◆ WORK INSTRUCTIONS
Keep the lines exact and the pictures out as you repeat the following listing.

◆ INPUT DATA

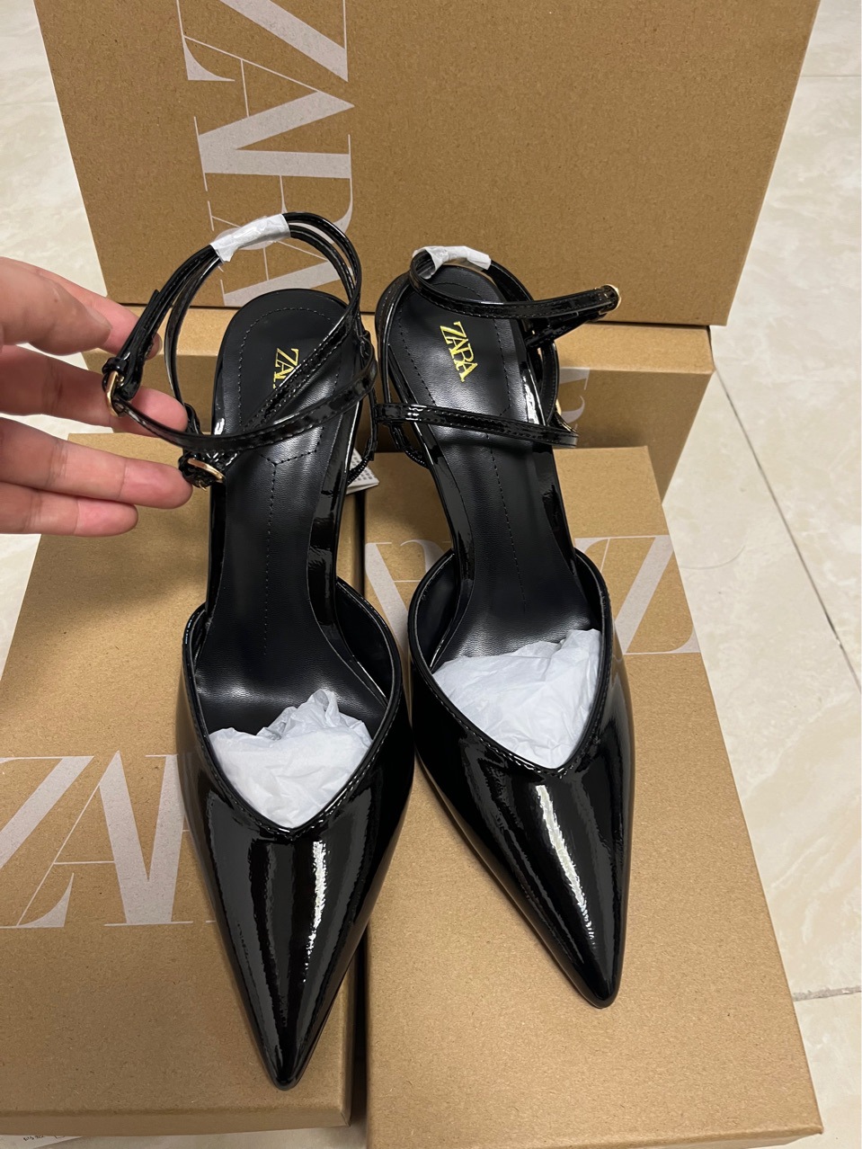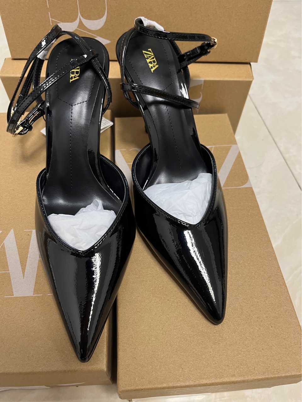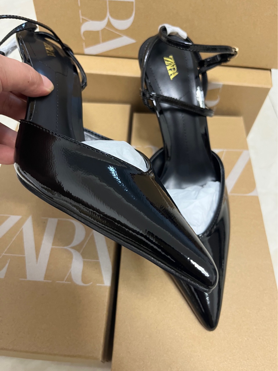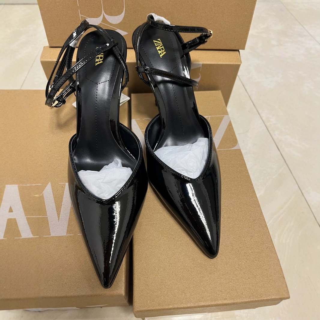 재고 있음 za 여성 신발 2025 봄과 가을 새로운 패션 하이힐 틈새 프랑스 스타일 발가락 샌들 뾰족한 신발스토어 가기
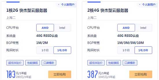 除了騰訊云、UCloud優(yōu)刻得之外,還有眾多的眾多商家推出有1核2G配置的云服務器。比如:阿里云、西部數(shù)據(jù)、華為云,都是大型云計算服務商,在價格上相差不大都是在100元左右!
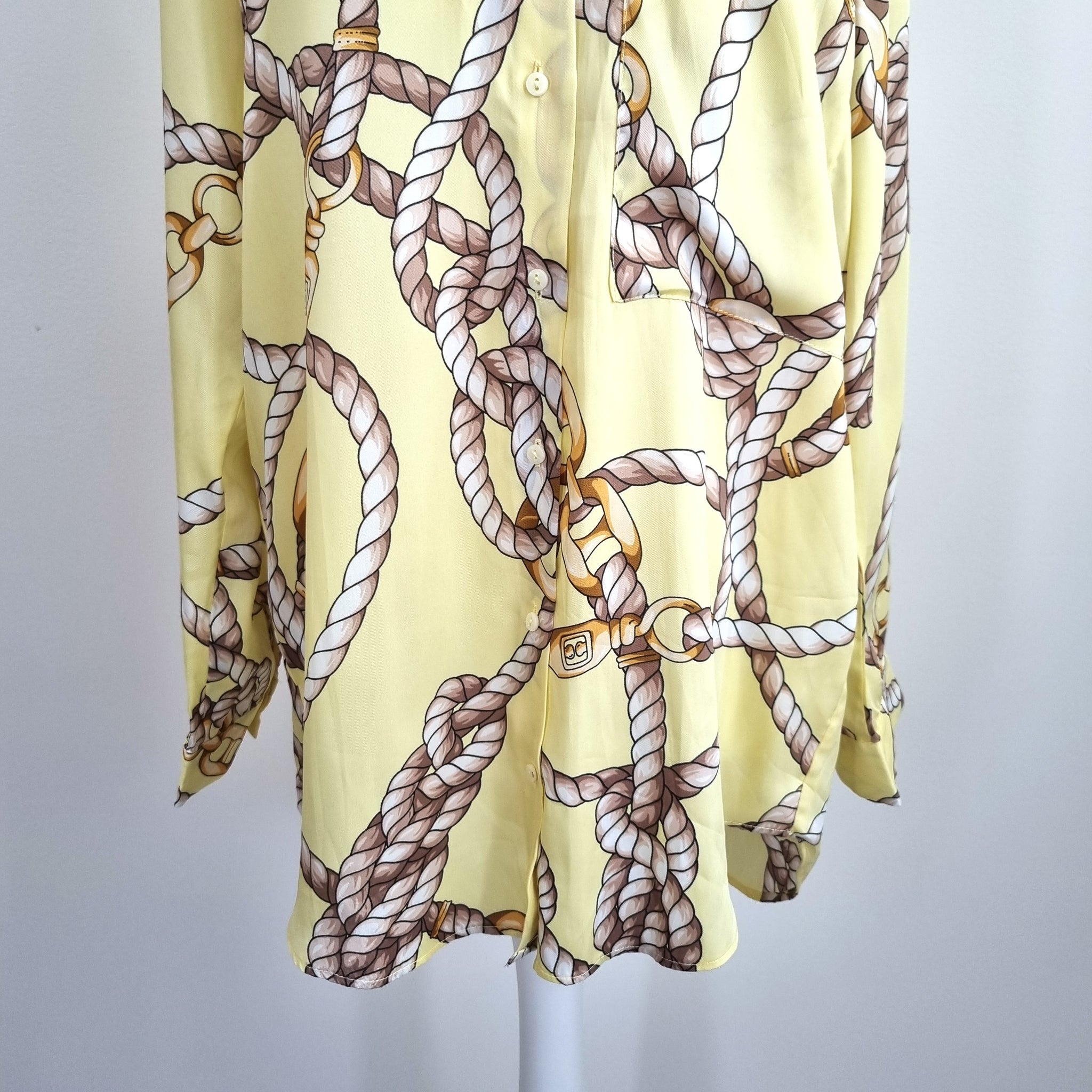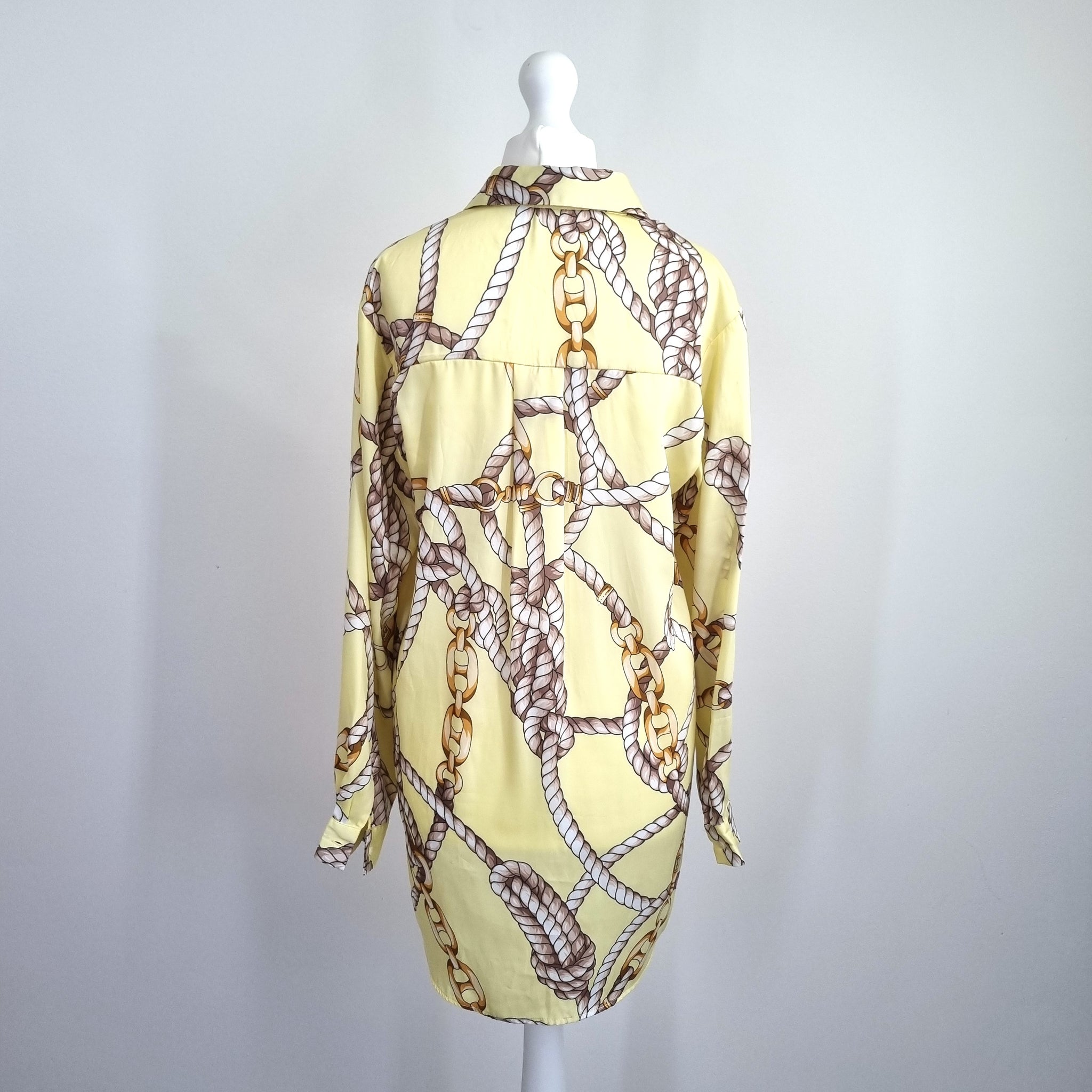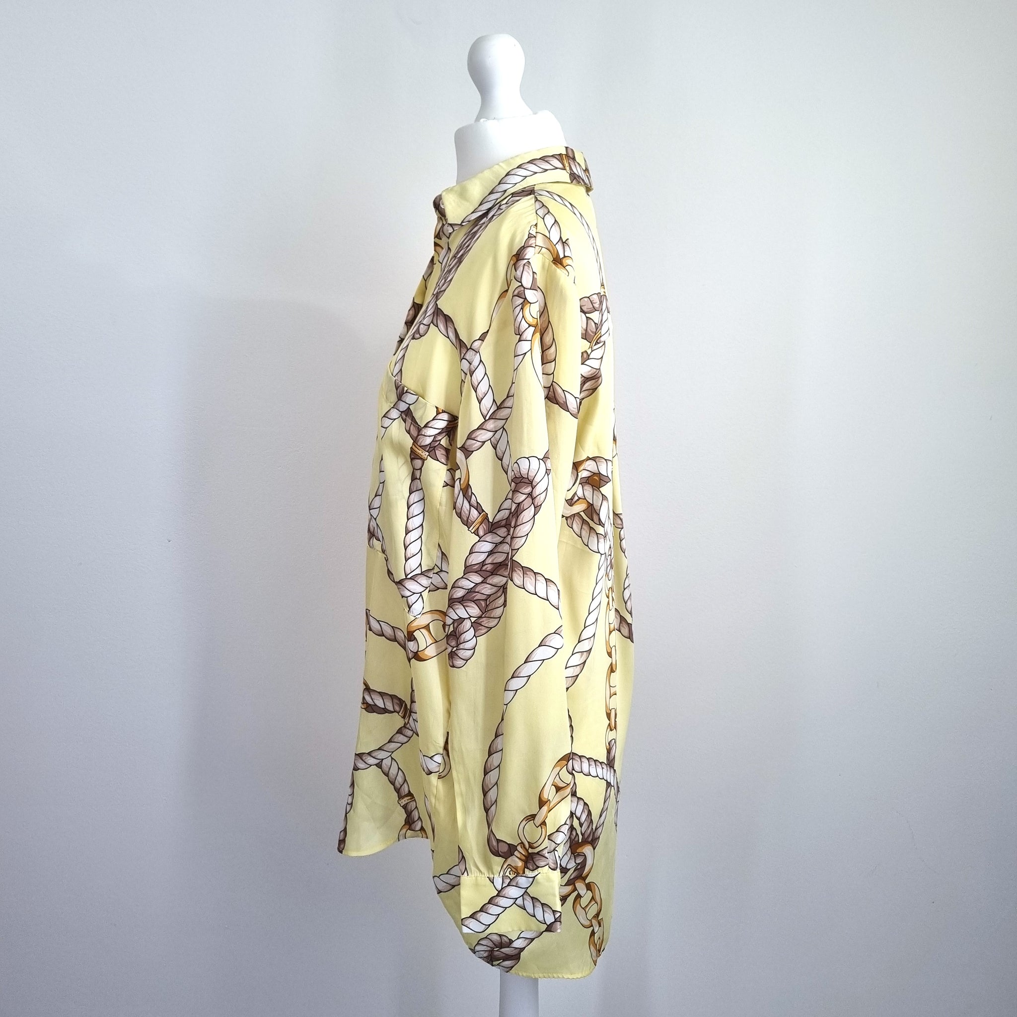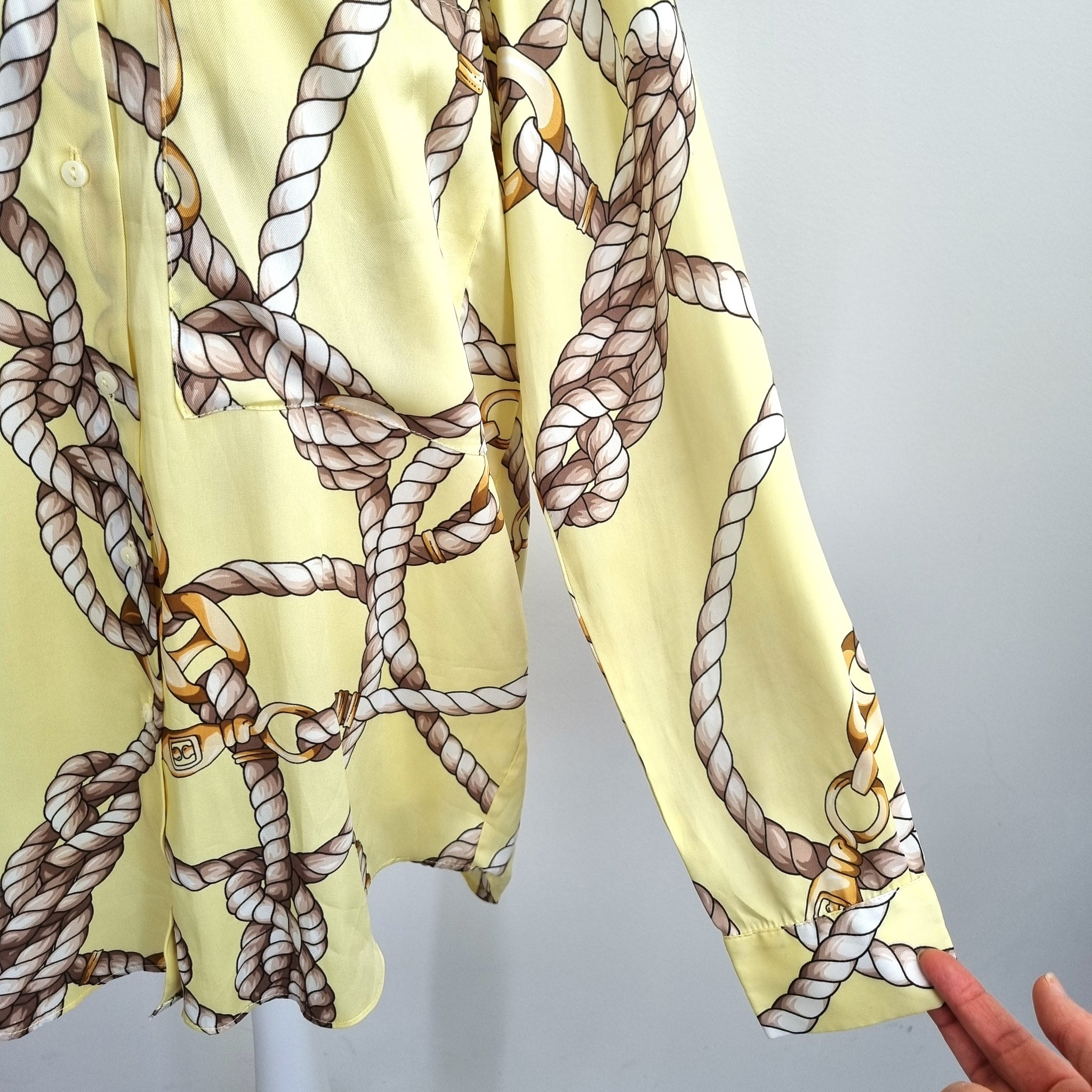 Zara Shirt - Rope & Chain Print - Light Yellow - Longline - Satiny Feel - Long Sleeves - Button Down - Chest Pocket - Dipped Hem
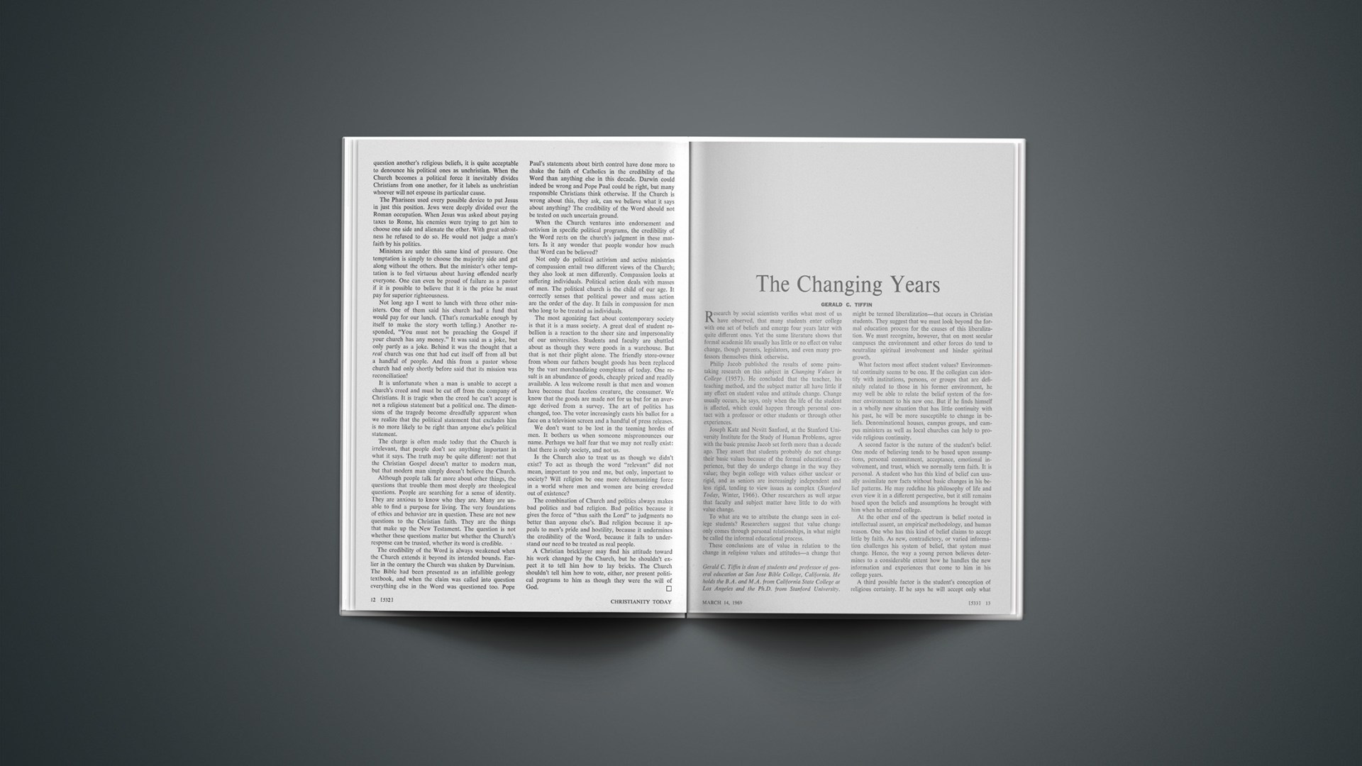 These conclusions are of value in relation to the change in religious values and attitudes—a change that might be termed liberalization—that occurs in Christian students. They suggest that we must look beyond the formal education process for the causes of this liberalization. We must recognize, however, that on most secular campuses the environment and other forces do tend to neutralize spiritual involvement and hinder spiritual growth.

◆ WORKED SOLUTION
 재고 있음 za 여성 신발 2025 봄과 가을 새로운 패션 하이힐 틈새 프랑스 스타일 발가락 샌들 뾰족한 신발스토어 가기
 除了騰訊云、UCloud優(yōu)刻得之外,還有眾多的眾多商家推出有1核2G配置的云服務器。比如:阿里云、西部數(shù)據(jù)、華為云,都是大型云計算服務商,在價格上相差不大都是在100元左右!
 Zara Shirt - Rope & Chain Print - Light Yellow - Longline - Satiny Feel - Long Sleeves - Button Down - Chest Pocket - Dipped Hem
 These conclusions are of value in relation to the change in religious values and attitudes—a change that might be termed liberalization—that occurs in Christian students. They suggest that we must look beyond the formal education process for the causes of this liberalization. We must recognize, however, that on most secular campuses the environment and other forces do tend to neutralize spiritual involvement and hinder spiritual growth.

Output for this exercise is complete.